## RAW DATA
++++++
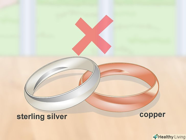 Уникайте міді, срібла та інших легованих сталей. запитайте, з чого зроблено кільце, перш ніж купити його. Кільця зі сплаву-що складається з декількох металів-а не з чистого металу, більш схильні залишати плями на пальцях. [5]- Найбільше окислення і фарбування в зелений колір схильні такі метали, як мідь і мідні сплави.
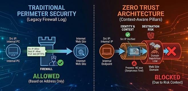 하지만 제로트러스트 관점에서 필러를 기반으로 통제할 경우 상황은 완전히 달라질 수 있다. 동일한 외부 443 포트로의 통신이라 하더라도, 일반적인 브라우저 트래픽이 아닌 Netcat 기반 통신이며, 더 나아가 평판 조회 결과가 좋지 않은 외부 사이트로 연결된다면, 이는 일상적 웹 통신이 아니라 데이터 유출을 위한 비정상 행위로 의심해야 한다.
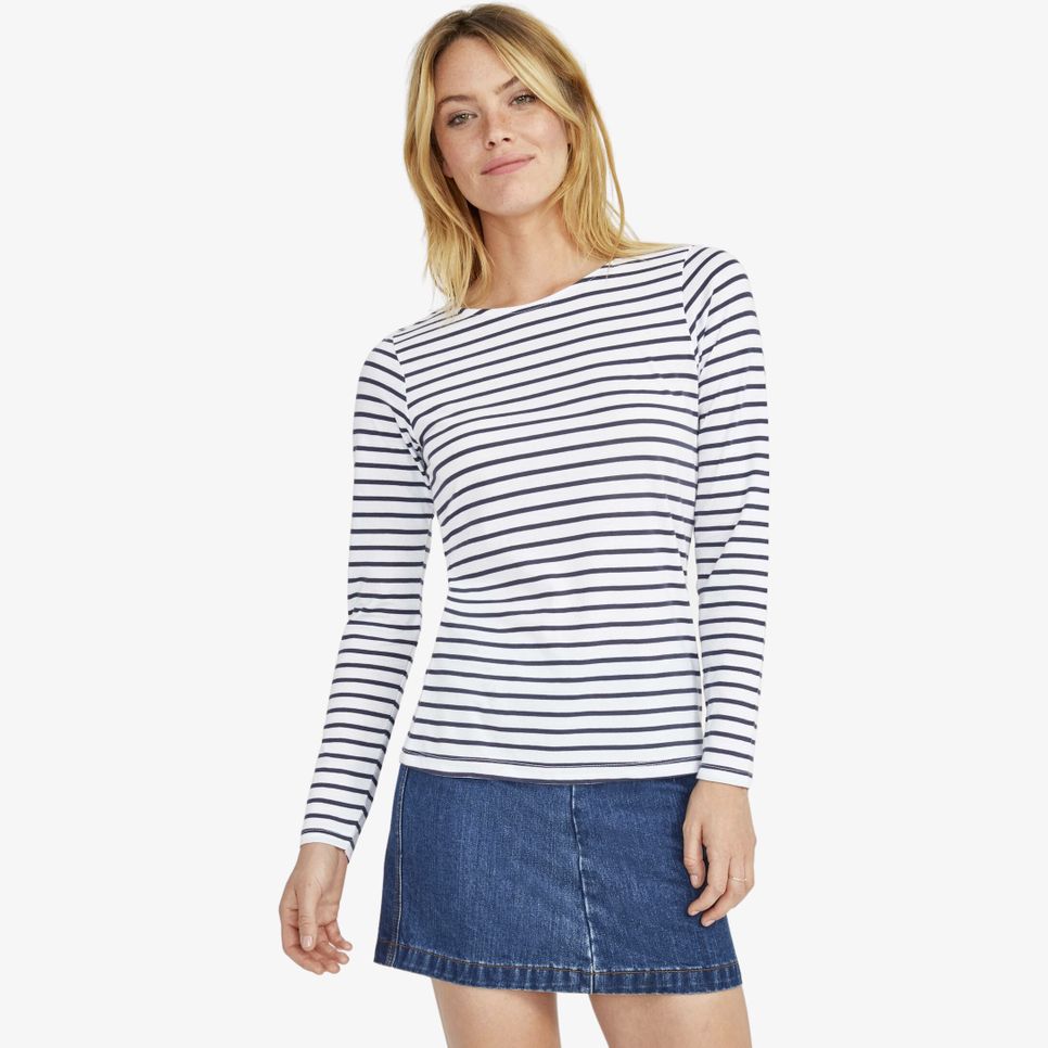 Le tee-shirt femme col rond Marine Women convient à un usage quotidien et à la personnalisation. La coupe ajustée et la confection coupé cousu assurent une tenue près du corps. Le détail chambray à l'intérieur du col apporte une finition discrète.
++++++
## TASK PROMPT
Please write out every line of the listing above exactly, and leave the images behind.

## ANSWER BOX
 Уникайте міді, срібла та інших легованих сталей. запитайте, з чого зроблено кільце, перш ніж купити його. Кільця зі сплаву-що складається з декількох металів-а не з чистого металу, більш схильні залишати плями на пальцях. [5]- Найбільше окислення і фарбування в зелений колір схильні такі метали, як мідь і мідні сплави.
 하지만 제로트러스트 관점에서 필러를 기반으로 통제할 경우 상황은 완전히 달라질 수 있다. 동일한 외부 443 포트로의 통신이라 하더라도, 일반적인 브라우저 트래픽이 아닌 Netcat 기반 통신이며, 더 나아가 평판 조회 결과가 좋지 않은 외부 사이트로 연결된다면, 이는 일상적 웹 통신이 아니라 데이터 유출을 위한 비정상 행위로 의심해야 한다.
 Le tee-shirt femme col rond Marine Women convient à un usage quotidien et à la personnalisation. La coupe ajustée et la confection coupé cousu assurent une tenue près du corps. Le détail chambray à l'intérieur du col apporte une finition discrète.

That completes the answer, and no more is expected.